- _Work item_
Write out the listing below in its entirety, minus the pictures, without changing a word.

- _Supplied data_

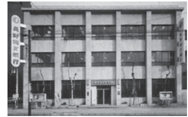
相互銀行に転換当時の本店（1970年）
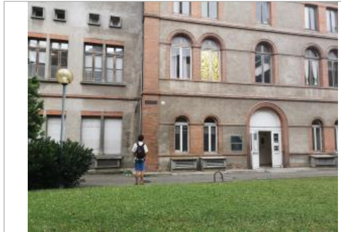
Vue du site (2023)
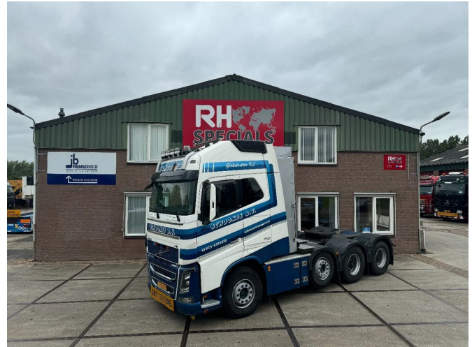
Volvo FH 16.750 8X4 DYNAMIC STEERING I-PARK COOL I-...
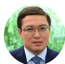
Daniyar Akishev Governor of the National Bank of RK

- _Completed exercise_
相互銀行に転換当時の本店（1970年）
Vue du site (2023)
Volvo FH 16.750 8X4 DYNAMIC STEERING I-PARK COOL I-...
Daniyar Akishev Governor of the National Bank of RK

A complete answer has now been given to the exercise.